A big reason why San Diego’s economy remains stuck in second gear is a marked decline in household formation, according to a new report from think tank National University System Institute for Policy Research.

Before the recession, the number of people per household in San Diego was about 2.7 persons, but it’s risen to 2.8 persons this year. That one-tenth of a point is significant because it translates to some 6,000 new households formed rather than the 27,500 that would have formed had the area maintained the historic average, the report says.

The reduced number affects new construction and reduced need for financing services, both of which used to be big drivers of the local economy.

“The combination of lower household formation, high unemployment and tightened lending standards crushed the local residential building economy,” said Kelly Cunningham, the NUSIPR economist who authored the report.

Using data on new building permits, last year the region created 8,315 units, yet that’s only about half of the average of 15,000 to 16,000 new units created from 1990 to 2006, the report said.

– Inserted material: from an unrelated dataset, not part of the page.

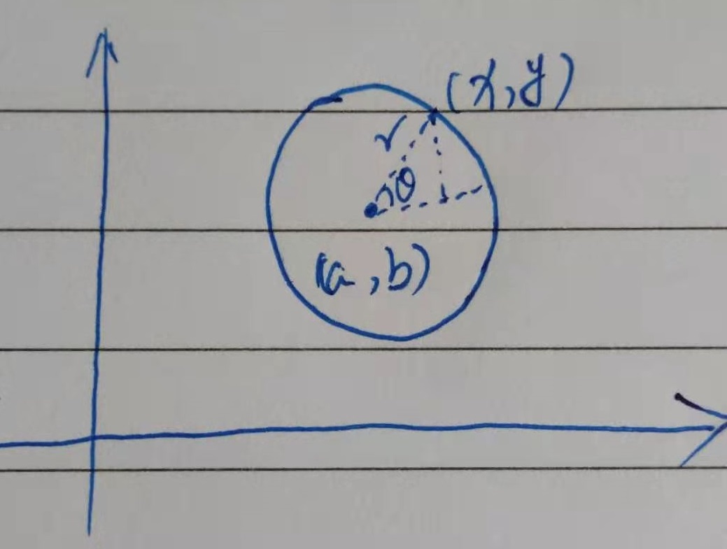 ,其中(a,b)是圆心,r 是半径,具体你可以画一张图表示一下。
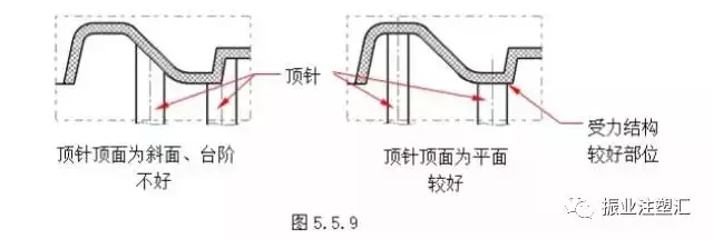 ????????(3)避免跨臺階或在斜面上設(shè)置頂針,頂針頂面應(yīng)盡量平緩,頂針應(yīng)布置于膠件受力較好的結(jié)構(gòu)部位。如圖5.5.9所示。

The report found that the key reason behind the lower household formation is because younger people aren’t leaving the nest. Pre-recession, 27 percent of 18- to 34-year-olds lived with their parents. Today that share is up to 31 percent, not because they prefer the arrangement but because they can’t find a decent job, the report said.

Even among those younger people who are employed, many don’t feel that secure and are carrying excess debt from student loans, severely limiting the amount they can spend on rent or a mortgage payment, the report said.

“Whatever the cause, the result is they are delaying signing a lease or getting a mortgage,” Cunningham said.

Until rates of household formation return to historic averages, the economy will likely remain stuck, and unlikely to be the jobs engine it had been in the past, he said.